Raw Backup at Regular Intervals

Provided that you are running a host at the name influxdb (Docker environments come to mind here), the following command would perform backup snapshots of all databases every half an hour, into sub-directories created under /mnt/external, probably a remote file system.

backup.tcl -host influxdb -period 1800 -root /mnt/external

One-Shot CSV Dump

Provided the same host as above, the following command would dump only the dataseries which contain example in their name as CSV. This backup would be created in a sub-directory of /mnt/external, where the first sub-directory is the current date and the next directory the name of the database.

backup.tcl -mode csv -host influxdb -period -1 -root /mnt/external \
           -dst "%date%/%db%" -accept "*example*" -latest ""

There will be as many CSV files as there are dataseries matching *example*, and these will be roughly named as the series and compressed using gzip. The final name of the files on disk is controlled by the default of an option called -basename and uses a default character set coming from -charset).

Accumulated CSV Conversion

Provided you have a dataserie called example in a database called db that is updated every hour, the following command would generate an uncompressed CSV file with all history starting from when the command was started. This serves as an example for incremental backups, using a specific InfluxQL relative query.

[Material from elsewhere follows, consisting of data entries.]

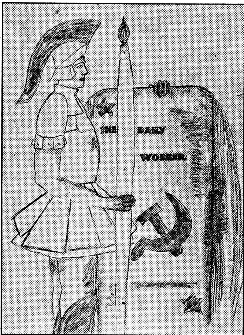
By Abe Stolar, Student Correspondent.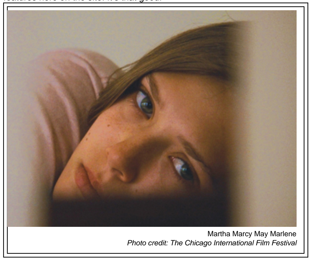
"Martha Marcy May Marlene"

evenly-split-into-two-chapters film that she absolutely has not. The second half consists of the rest of her family fearing that the planet Melancholia will crash into their lives as well. We will write a lot more about this film for its theatrical release and, in all likelihood, in year-end features here on the site. It's that good.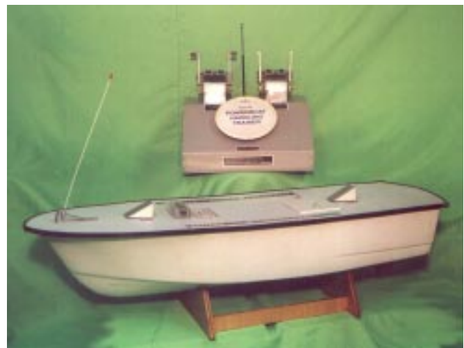
View of powerboat and control station

The boat is supplied with a cradle used when a battery in the boat requires recharging. Boat should

backup.tcl -mode csv -host influxdb -period 3600 -root /mnt/external \
           -dst "" -databases "db" -accept "example" -latest "" \
           -compress "" -combine on \
           -query "SELECT * from \"%serie%\" WHERE time > now() and time <= now()"

Command-Line Options

The tool only recognises single-dash "long" command-line options. All options are expected to take arguments, and only the last option will be taken into account.

`-host`

This is the name of the host of IP running Influx, it defaults to localhost.

`-port`

This is the port number at the host running the Influx daemon and defaults to 8088. Network connections can only occur with proper settings for bind-address.

`-cliport`

This is the port number at the host for regular CLI connections, it defaults to 8086. The backup utility will use this port to list databases or dataseries.

`-username`

This option specify the name of a user with administration rights within the system. It defaults to an empty string as the defaults for Influx are to start restricting authentication as soon as users are declared.

`-password`

This option specifies the password for the user with administration rights. Most of the time, passing the password as an argument is not convenient from a security standpoint: use -password_file instead.

`-password_file`

This option specifies the path to a file containing the password for the user with administration rights. This can be used with Docker secrets. The -password option always has precedence and the content of -password_file will only be taken into consideration when the value of -password is empty. Trailing whitespaces (including line breaks) will automatically be removed from the password.

`-root`

Points to the directory location under which all created backups will be created. Under regular circumstances, sub-directories under -root will be created for each backup and these directories will contain a timestamp. This behaviour can be controlled to some extent using the -dst command-line option. All backups directories will be created if they do not exist.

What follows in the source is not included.